Generic medicines are those whose functionality is equivalent to that of an innovator product due to the fact that their patent has already expired, so they can be marketed without any problem. Then, the following question arises: do generic medicines work the same as reference ones?
According to the U.S. Food and Drug Administration (FDA), the similarities of both types of drugs in aspects such as; dosage, safety, potency, route of administration, quality, performance characteristics and intended use, helps to demonstrate the bioequivalence of the products, meaning that the generic medicine performs the same clinical function as the innovator product.
The FDA stated that, “any generic medicine created with an innovator product as a model must have the same effects in the body. Generic medicines use the same active ingredients as the reference ones and work in the same way, so they have the same risks and benefits.”

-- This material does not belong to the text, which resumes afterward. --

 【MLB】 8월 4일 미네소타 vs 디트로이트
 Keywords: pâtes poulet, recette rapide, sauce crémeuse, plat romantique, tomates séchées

In the case of the United States, the FDA’s Generic Drug Program carries out a rigorous control to ensure that generic medicines meet all the standards, inspecting up to 3,500 manufacturing plants per year. This is replicated in several countries around the world, so that the quality and safety of these medicines are assured, as long as they are manufactured in plants that comply with all the GMP (Good Manufacturing Practices) established by WHO.
A study by Fundación Carolina of Spain, carried out in three South American countries (Argentina, Brazil and Uruguay), determined that it is essential to strengthen public policies for the supply of generic medicines, i.e., to stimulate the production, registration and marketing of these medicines. The document also states that incentives for the prescription and provision of these products should be incorporated to facilitate their access to the population. It is important that governments promote prescription policies so that doctors can use the international nonproprietary name in their prescriptions and avoid a link between doctors and laboratories. In this way, citizens will be able to choose the same active ingredient recommended by the doctor from a variety of brands and prices.

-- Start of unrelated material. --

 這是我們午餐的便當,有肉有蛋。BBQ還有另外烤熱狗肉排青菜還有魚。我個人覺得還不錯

On the other hand, the United Nations (UN) reported that a agreement was reached for the production of a generic treatment for HIV prevention in low-income countries. This shows that the struggle being undertaken by some international organizations, governmental entities and private companies is bearing fruit. The goal being that generic medicines can be within the reach of the most vulnerable population.
The entity’s bulletin points out that, “the alliance for the voluntary licensing of patents related to long-acting Cabotegravir, an injectable antiretroviral medicine for HIV prevention, or pre-exposure prophylaxis (PrEP), will help facilitate access to generic formulations of the product in less developed, low-income, lower-middle-income and Sub-Saharan African countries.”
A generic medicine, according to the FDA, is equivalent to the innovator product in terms of dosing, safety, effectiveness, potency, stability and quality, as well as how it is taken and how it should be used.
Highlight
The FDA states that, “generic medicines use the same active ingredients as the reference ones and work in the same way, so they have the same risks and benefits.”
Figures
3,500 drug manufacturing plants are inspected per year in the United States.